Although the mortgage does not directly prevent the right to use and reside in the family home, the explicit consent of the other spouse to the mortgage transaction is essential due to the abusive and collusive transactions of the rightful spouse and the danger of disposing of the family home.
In the concrete case, the defendant spouse has established a mortgage on the family home subject to the lawsuit in favor of the other defendant bank, and the explicit consent of the plaintiff spouse was not obtained by the defendant bank during this transaction.

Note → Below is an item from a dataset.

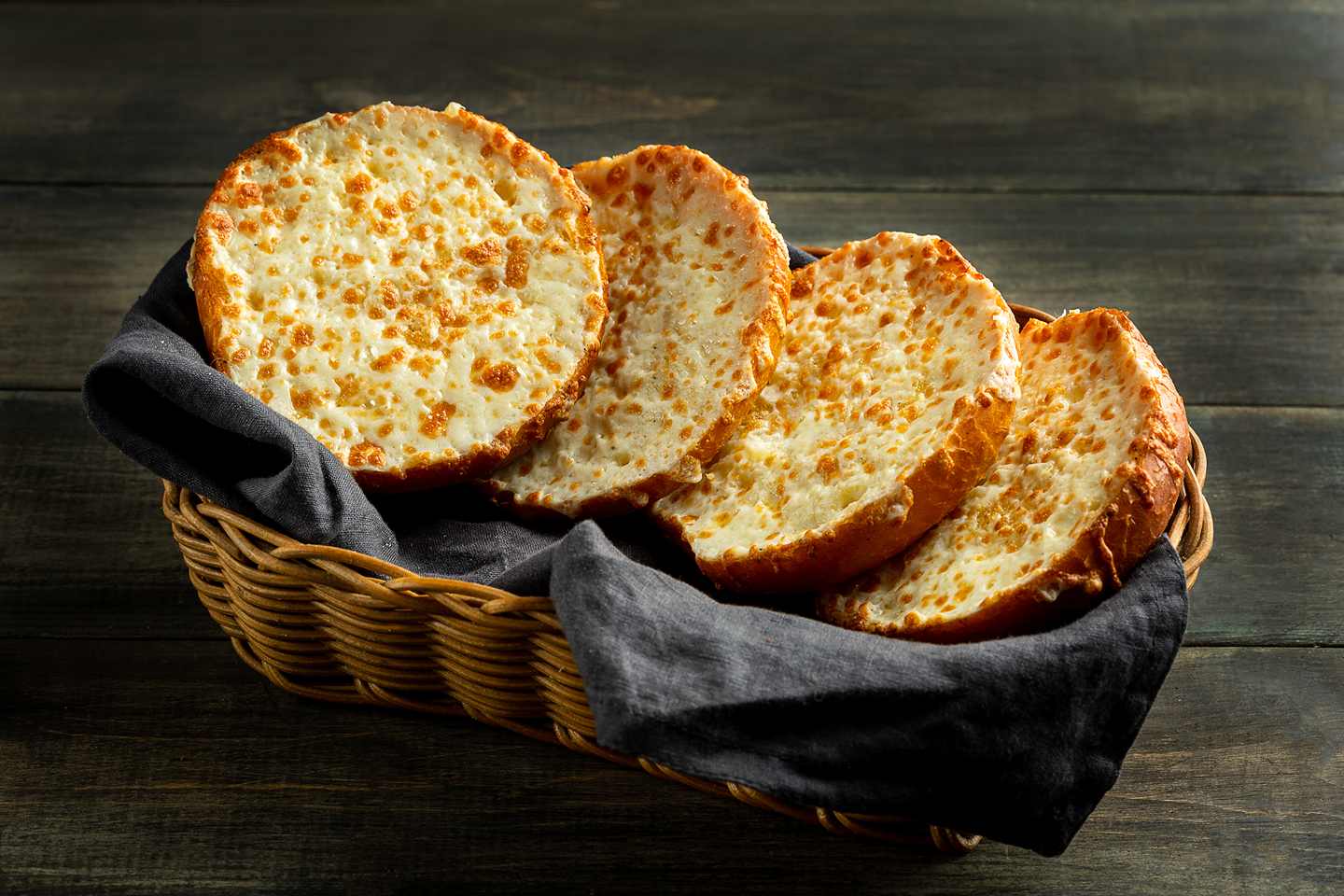 Ломтики белого хлеба с чесночным маслом и сыром «Моцарелла»

Within the framework of the rules described above, it also does not matter that the mortgage transaction was established to serve as collateral for the loan used by the joint children living under the same roof with the plaintiff and the defendant spouse. In this case, since Article 194/1 of the TMK seeks the explicit consent of the spouse, it is impossible to assume that the transaction performed is valid.
During the General Assembly meetings of law, a portion of the mortgage process that led to the formation of the members, the wife of the plaintiff and the defendant and therefore the use of children under the same roof with joint sitting mortgage loans from the process of accepting the plaintiff’s wife is unaware of the nature of life is contrary to that suggested that if you have been, also, for the reasons described above, this view had been adopted by a majority of the board.
In such a case, the court should decide to accept the case by evaluating it in accordance with the legal regulations and principles described above, and resisting this decision is in accordance with the procedure and the law, and the decision to resist should be approved.
CONCLUSION : Defendant T.V. Bank T.A.O. with the rejection of the appeals of the deputy, the decision to resist was APPROVED for the reasons described above, the fee written below (13.637, 70 TL) was decided to be taken from the appellant, with a majority of votes on the day of 15.04.2015.